Our clientele is exclusively insurers, London market predominantly, though we also work with Italian, Asian and US insurers.  Our insurance team is made up of 30 lawyers, including partners, associates and junior trainees.

  1. How did you get involved with GILC?

We were originally contacted by BLM following some research that they did with London insurance clients asking what law firms in Italy they used – our name was flagged by clients.  BLM then approached us at an early stage of the formation of the network, and invited us to become a founding partner.  We agreed, and started working together with the other founding firms (Byrd & Associates and Foran Glennon) to set it up.

I sat on the board from a very early stage and saw the network growing from scratch, organising itself and expanding, including the new members who have joined this year.

  1. What are your hopes for GILC, as a founding partner and current GILC board member?

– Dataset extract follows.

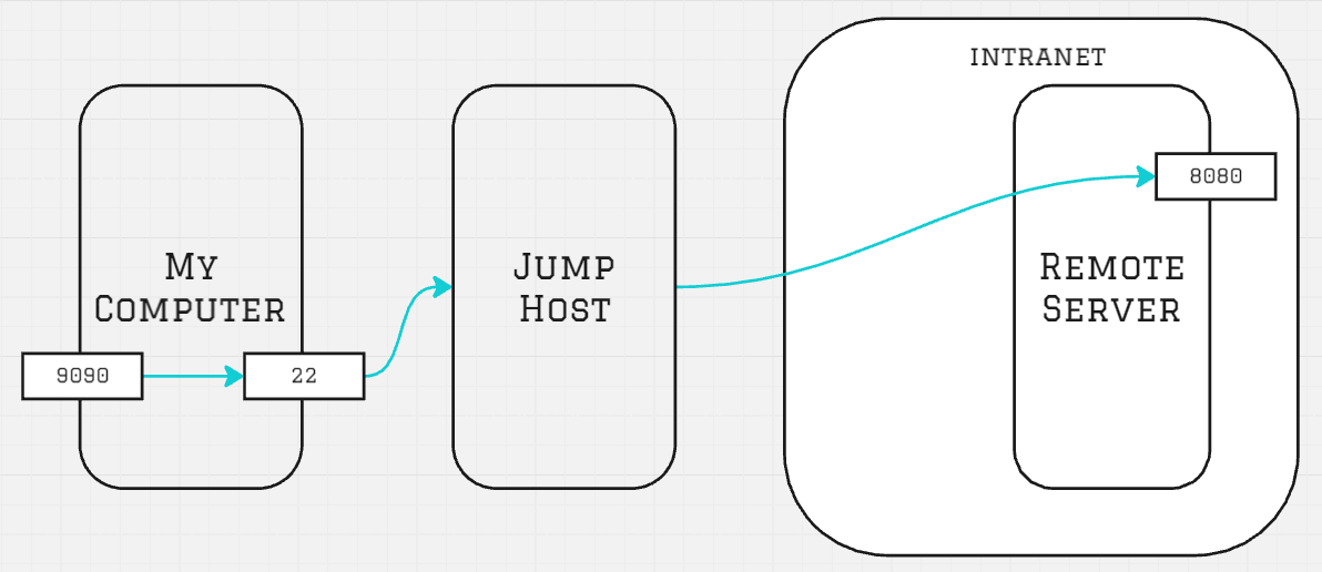 舉例而言,今天有個 web server 建立在 remote server 的 9000 port,而該 server 並沒有 external IP,而是需要透過 jump host 才能連上。

I am very optimistic about the fact that international legal networks specialising in a particular industry, such as ourselves, can play a much-needed role in coming years.  As a coalition of independent firms, we can provide a very specialist global offering to the market in every jurisdiction, delivering the best possible results across the world, particularly for underwriters to who have international binders and are writing across boundaries.  Our group can be of great help in constructing policy wordings and platforms, in handling claims, and advising on coverage.  I believe that GILC will continue to grow organically, and we would like to get to around 25-30 member firms over the next decade or so.

  1. What do you find yourself doing in a typical day at the office?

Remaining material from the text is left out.